Майк засмеялся. "Я ещё более безумен, Генри. Если уж мы не сможем отговорить Джеффа от женитьбы в самое ближайшее время — а это будет нелегко, позвольте вам сообщить, потому что я на самом деле видел его избранницу — тогда я хотел бы устроить свадьбу через четыре дня."
Мелисса выглядела пораженной. "Четыре дня?" — Ее взгляд метнулся к стене — "Между прочим, каким календарем мы тут пользуемся? Здесьм в семнадцатом веке..."
"Меня это не волнует!" — объявил Дрисон — "По моему мнению, и по календарю у меня дома, " — он хлопнул в ладоши — "через четыре дня День независимости США!"
Майк усмехнулся. "Ага, именно так. Это как раз то, что нам надо. Празднование, парад, фейерверк — и мы увенчаем это самой большой свадьбой, которую когда-либо видел этот город."
Спокойно: "Это напомнит нам всем, о чём идёт речь." — он подарил Ребекке теплую улыбку — "И о чём не идёт."

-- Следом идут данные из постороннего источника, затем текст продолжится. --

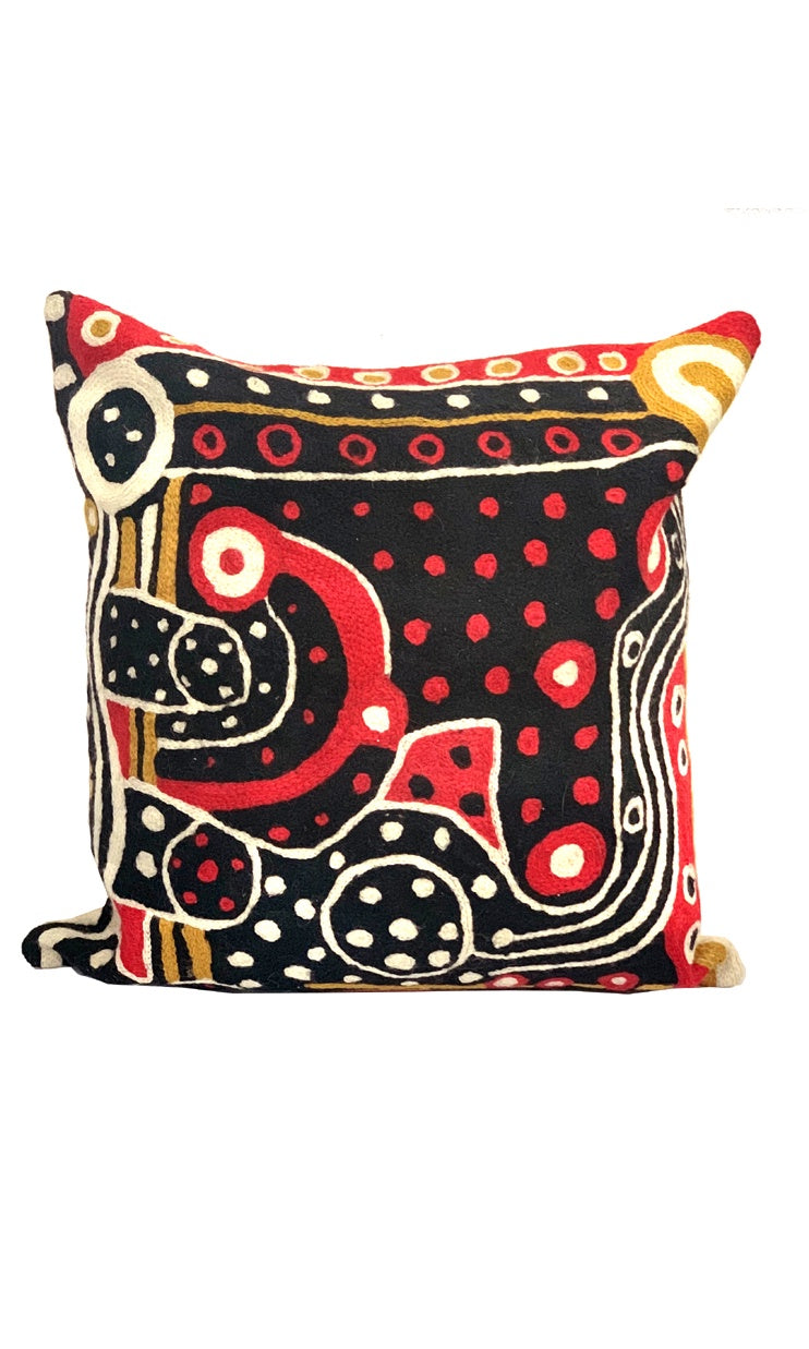 These beautiful, unique textiles are a cross -cultural collaboration combining Aboriginal designs and tradional Kashmiri handicraft. The chain-stitched (Gabba in local Kashmiri) cushions are hand stitched by

На этом заседание закончилось. Пока Мелисса шла по коридору к выходу из школы, она услышала быстрые шаги позади. Повернувшись, она увидела, что Джеймс Николс торопился догнать ее.
Когда он приблизился, лицо доктора расплылось в улыбке. "Я могу проводить Вас до дома?" — спросил он.
Мелисса ухмыльнулась. "Бесстыдство!" — провозгласила она.
Николс был поражен. "Я? Я всего-навсего..."
Мелисса покачала головой и взяла Джеймса под руку. "Не вы, доктор. Я польщена вашим предложением проводить меня до дома." Пока они шли по коридору, она усмехалась "Я имела в виду одного моего бывшего студента. Боксера-профессионала, превратившегося в сводню. Бесстыдную сводню."
Николс выглядел немного смущенным. "О" — они сделали ещё несколько шагов бок о бок. Он откашлялся. "На самом деле, это Ребекка подтолкнула меня к действию. Не то," — широкая улыбка — "чтобы я не думал об этом."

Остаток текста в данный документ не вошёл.